Each diver performed a series of short warm-up breath-holds to activate the diving response, followed by a single submaximal static apnea while lying down. Heart rate, blood pressure, and oxygen saturation were recorded continuously. Blood samples were taken before the dive (T₀), at the end of the breath-hold (T₁), and after ten minutes of recovery (T₂). The samples were analyzed for adenosine plasma concentration (APC).
Results (Table 1, page 3; Figure 1, page 4):
- At baseline, divers had higher APC than non-divers, especially those with a history of blackouts (median 0.9 µM vs 0.67 µM in controls).
- During apnea, APC rose sharply, reaching a median of 2.4 µM overall — but the increase was far greater in blackout-prone divers (3.4 µM) than in others (1.7 µM).
- Heart rate fell significantly (from ~71 bpm to ~58 bpm), and the lowest heart rates were seen in the high-adenosine group.
- Oxygen saturation dropped from near 99% to around 82%.
- There was a strong negative correlation between APC and both heart rate (r = −0.49, p = 0.02) and oxygen saturation (r = −0.86, p = 0.001).
- Blood pressure increased modestly during apnea and returned to baseline within ten minutes.
No subjects blacked out during the experiment, but the clear biochemical and cardiovascular differences between groups support the hypothesis that excess adenosine contributes to apnea-related loss of consciousness by intensifying bradycardia and possibly causing transient atrioventricular (AV) block.

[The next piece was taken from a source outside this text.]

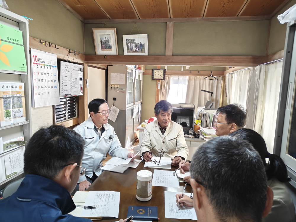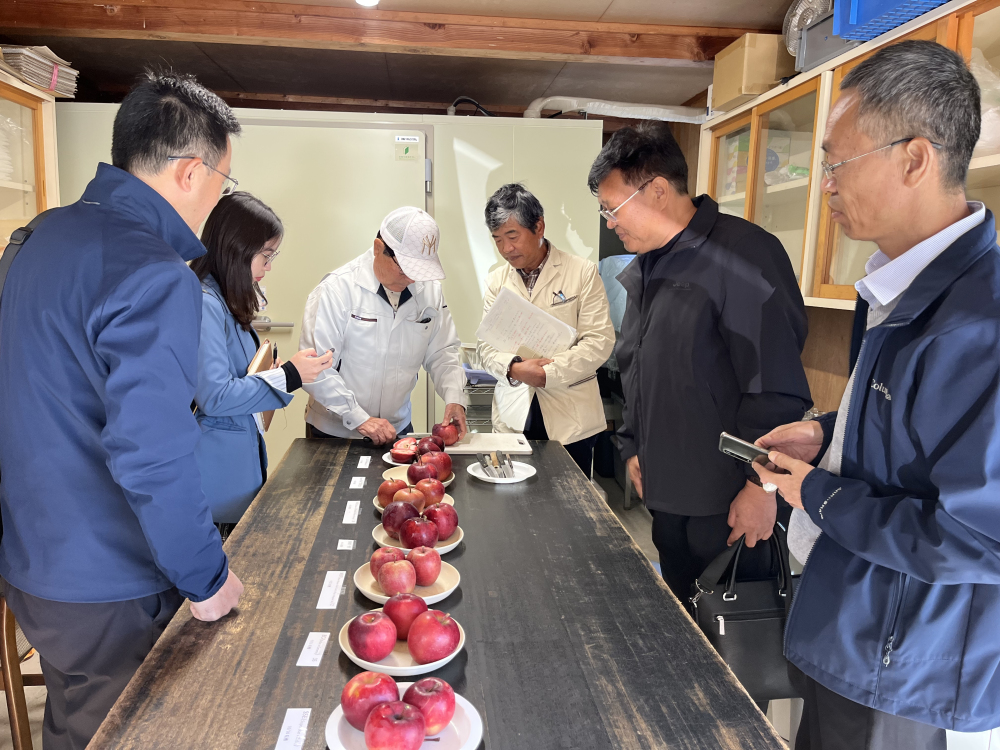 团队针对红肉苹果在日本的品质表现及市场流通情况、红肉苹果在国内的发展前景、日本梨常用矮化砧木及效果等问题,在伴野教授及团队的带领下,考察了信州苹果研究所、南信农业试验场、苹果酿酒厂、选果场,及信州地区苹果密植园及松川町梨园等。在信州苹果研究所品鉴IHR17等7个超级红肉苹果优系果实品质,观察其研究圃内种植的苹果、梨品种生长特征及果实品质,交流栽培管理经验。在苹果密植栽培园及松川町梨园,交流密植园树形、产量及老果园耕作模式、更新过程等问题。与南信农业试验场梨栽培研究员交流南信试验场主栽梨品种及砧木,讨论根腐病试验处理及效果、连干V字架式树形优缺点等。在苹果酿酒厂交流酿酒所用品种、流程及投入产出比等。并前往农产品直销点,调研当地农产品流通价格及收益情况。
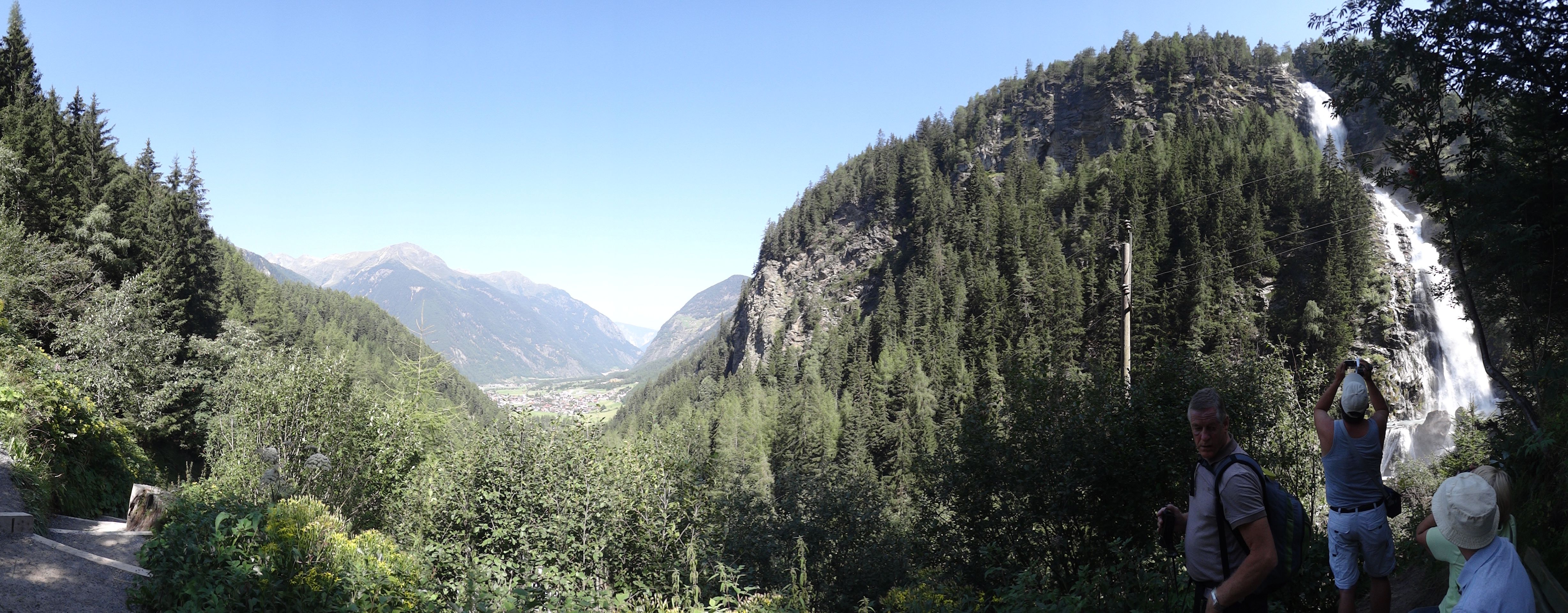 De wagen werd geparkeerd aan de parking van het Otzi-dorp, een dorp uit de tijd van Otzi. Van daaruit was het nog zo’n 40 minuten wandelen volgens de bordjes. Over het parcours wisten we eigenlijk niets. Het was richting de voet van de waterval, maar dat was alles behalve vlak. Amai! Het pad liep bij momenten erg omhoog. Af en toe even een rustpauze nemen was de boodschap. Want we wouden er geraken.

The authors propose that measuring resting adenosine levels and heart rate could help identify divers at higher risk of blackout. More broadly, it reinforces the idea that blackouts are not just a matter of oxygen depletion — they also depend on how individual cardiovascular systems react to hypoxia.
Abstract
During breath-hold diving, transient loss of consciousness (T-LOC) can occur due to extreme bradycardia and hypotension. This study assessed plasma adenosine concentration (APC) in 20 elite freedivers and compared those with a prior history of T-LOC to those without. Blood samples taken before, during, and after a maximal static apnea revealed that APC increased markedly at the end of the breath-hold, particularly in divers with prior T-LOC (3.4 µM vs 1.7 µM, p < 0.01). APC was inversely correlated with heart rate (r = −0.49) and oxygen saturation (r = −0.86). These findings suggest that adenosine release during hypoxia contributes to the pronounced bradycardia and transient loss of consciousness observed in some breath-hold divers, likely via A₁ receptor–mediated cardiac effects. Basal heart rate and APC may help screen individuals at risk.